* **What you need to do**
Scan the entries for the word "está", and copy every line where it appears.

(Records from a collection)
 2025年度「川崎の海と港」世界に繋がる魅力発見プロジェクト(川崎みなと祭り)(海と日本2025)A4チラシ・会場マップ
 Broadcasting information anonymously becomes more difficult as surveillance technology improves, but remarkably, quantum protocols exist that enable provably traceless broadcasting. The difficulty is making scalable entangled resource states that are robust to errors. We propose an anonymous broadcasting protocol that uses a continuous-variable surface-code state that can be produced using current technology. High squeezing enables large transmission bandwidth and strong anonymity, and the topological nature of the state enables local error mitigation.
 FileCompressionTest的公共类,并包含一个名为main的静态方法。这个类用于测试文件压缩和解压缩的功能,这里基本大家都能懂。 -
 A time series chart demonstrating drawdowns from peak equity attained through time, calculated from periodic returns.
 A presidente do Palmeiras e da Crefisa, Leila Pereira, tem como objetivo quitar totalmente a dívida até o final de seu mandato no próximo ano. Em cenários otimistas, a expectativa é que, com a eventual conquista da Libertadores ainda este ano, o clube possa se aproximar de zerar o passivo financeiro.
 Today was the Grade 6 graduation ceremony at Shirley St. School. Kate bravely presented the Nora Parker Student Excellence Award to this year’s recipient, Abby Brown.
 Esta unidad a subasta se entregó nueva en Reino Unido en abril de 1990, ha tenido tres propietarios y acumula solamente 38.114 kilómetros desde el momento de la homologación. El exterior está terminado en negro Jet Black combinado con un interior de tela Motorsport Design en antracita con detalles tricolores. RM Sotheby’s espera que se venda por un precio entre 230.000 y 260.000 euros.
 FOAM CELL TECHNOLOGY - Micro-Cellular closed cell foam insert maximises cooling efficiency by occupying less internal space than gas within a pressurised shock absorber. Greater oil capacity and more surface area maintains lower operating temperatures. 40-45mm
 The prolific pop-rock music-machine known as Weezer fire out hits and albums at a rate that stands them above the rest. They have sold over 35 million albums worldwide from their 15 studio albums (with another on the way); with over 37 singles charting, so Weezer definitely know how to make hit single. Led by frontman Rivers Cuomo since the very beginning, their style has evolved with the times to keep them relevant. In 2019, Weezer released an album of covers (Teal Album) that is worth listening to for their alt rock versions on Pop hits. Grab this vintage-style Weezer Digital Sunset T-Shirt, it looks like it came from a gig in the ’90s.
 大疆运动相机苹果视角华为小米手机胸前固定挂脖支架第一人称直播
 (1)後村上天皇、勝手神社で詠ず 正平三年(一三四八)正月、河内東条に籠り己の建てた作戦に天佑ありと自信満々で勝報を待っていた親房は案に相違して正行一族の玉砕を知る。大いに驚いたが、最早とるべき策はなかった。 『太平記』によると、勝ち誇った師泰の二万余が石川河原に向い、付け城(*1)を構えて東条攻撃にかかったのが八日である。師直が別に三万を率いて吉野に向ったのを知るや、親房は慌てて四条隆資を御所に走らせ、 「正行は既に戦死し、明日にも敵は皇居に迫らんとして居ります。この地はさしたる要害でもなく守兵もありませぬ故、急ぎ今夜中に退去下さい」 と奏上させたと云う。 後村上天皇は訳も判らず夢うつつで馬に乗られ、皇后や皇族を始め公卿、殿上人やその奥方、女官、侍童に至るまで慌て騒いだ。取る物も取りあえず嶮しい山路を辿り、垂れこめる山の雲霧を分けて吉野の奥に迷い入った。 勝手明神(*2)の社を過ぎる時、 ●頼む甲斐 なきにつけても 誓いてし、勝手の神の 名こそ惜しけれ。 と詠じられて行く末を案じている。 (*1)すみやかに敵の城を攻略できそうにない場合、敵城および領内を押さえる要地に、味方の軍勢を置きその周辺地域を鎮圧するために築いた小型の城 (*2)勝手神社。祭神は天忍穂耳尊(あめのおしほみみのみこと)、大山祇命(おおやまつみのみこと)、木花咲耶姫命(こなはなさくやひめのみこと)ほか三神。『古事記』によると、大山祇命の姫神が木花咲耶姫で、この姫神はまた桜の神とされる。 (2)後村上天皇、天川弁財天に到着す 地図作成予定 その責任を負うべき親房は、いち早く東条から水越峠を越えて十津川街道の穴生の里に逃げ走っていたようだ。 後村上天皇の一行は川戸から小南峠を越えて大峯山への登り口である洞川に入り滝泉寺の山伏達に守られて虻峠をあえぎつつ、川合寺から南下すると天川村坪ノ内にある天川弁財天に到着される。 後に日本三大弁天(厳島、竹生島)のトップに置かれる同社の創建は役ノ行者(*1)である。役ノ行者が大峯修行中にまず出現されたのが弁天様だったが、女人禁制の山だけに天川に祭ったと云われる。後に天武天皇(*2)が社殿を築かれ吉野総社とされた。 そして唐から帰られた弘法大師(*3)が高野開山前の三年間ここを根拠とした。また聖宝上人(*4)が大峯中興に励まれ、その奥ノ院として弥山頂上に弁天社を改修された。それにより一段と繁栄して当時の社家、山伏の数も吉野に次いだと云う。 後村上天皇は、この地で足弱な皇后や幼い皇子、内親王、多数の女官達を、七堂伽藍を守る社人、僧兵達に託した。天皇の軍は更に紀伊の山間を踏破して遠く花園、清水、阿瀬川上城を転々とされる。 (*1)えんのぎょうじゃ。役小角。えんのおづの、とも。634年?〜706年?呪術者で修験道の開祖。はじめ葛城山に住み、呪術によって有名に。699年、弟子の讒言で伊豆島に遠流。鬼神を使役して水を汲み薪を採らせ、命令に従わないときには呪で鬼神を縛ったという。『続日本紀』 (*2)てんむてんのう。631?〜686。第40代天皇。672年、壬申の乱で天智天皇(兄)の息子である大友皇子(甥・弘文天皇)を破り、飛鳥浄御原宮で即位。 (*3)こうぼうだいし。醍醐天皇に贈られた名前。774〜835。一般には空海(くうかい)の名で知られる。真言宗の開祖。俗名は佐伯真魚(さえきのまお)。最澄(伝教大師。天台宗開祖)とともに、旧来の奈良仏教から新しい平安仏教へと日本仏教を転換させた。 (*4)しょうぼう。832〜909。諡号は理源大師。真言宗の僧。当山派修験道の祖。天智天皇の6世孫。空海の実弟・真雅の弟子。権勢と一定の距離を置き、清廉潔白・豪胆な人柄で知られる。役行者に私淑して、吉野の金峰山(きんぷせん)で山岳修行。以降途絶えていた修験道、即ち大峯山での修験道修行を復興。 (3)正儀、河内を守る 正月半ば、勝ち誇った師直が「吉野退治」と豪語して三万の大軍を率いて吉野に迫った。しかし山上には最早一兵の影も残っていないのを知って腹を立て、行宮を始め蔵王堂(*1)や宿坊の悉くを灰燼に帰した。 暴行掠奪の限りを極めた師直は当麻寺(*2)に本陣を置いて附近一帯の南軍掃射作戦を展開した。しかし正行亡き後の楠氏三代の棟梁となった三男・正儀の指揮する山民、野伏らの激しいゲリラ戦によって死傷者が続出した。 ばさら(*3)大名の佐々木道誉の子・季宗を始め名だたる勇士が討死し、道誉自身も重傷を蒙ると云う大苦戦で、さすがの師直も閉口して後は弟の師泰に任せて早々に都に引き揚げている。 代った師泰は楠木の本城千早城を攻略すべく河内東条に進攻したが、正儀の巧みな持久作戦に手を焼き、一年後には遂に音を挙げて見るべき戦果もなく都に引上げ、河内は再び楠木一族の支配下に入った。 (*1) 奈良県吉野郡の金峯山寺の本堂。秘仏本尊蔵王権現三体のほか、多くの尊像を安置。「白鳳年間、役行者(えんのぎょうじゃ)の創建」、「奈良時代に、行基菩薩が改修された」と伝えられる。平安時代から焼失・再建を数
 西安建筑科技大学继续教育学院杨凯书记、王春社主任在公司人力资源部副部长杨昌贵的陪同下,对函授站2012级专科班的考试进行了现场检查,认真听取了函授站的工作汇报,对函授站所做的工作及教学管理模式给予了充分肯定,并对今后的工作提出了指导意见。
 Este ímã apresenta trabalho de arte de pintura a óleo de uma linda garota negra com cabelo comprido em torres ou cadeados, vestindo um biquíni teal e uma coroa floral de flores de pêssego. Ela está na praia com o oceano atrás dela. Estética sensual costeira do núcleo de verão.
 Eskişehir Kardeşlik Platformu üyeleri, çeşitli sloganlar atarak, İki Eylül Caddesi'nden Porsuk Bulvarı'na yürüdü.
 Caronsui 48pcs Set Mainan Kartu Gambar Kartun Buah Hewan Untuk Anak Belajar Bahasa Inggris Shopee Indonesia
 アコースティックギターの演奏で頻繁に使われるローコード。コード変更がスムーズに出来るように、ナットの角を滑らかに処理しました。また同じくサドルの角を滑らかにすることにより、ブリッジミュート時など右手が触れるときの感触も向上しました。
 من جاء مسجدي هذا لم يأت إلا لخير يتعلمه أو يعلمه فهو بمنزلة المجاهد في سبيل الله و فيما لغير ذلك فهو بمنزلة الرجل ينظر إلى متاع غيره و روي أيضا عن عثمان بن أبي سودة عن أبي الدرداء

* **Task answer**
 Esta unidad a subasta se entregó nueva en Reino Unido en abril de 1990, ha tenido tres propietarios y acumula solamente 38.114 kilómetros desde el momento de la homologación. El exterior está terminado en negro Jet Black combinado con un interior de tela Motorsport Design en antracita con detalles tricolores. RM Sotheby’s espera que se venda por un precio entre 230.000 y 260.000 euros.
 Este ímã apresenta trabalho de arte de pintura a óleo de uma linda garota negra com cabelo comprido em torres ou cadeados, vestindo um biquíni teal e uma coroa floral de flores de pêssego. Ela está na praia com o oceano atrás dela. Estética sensual costeira do núcleo de verão.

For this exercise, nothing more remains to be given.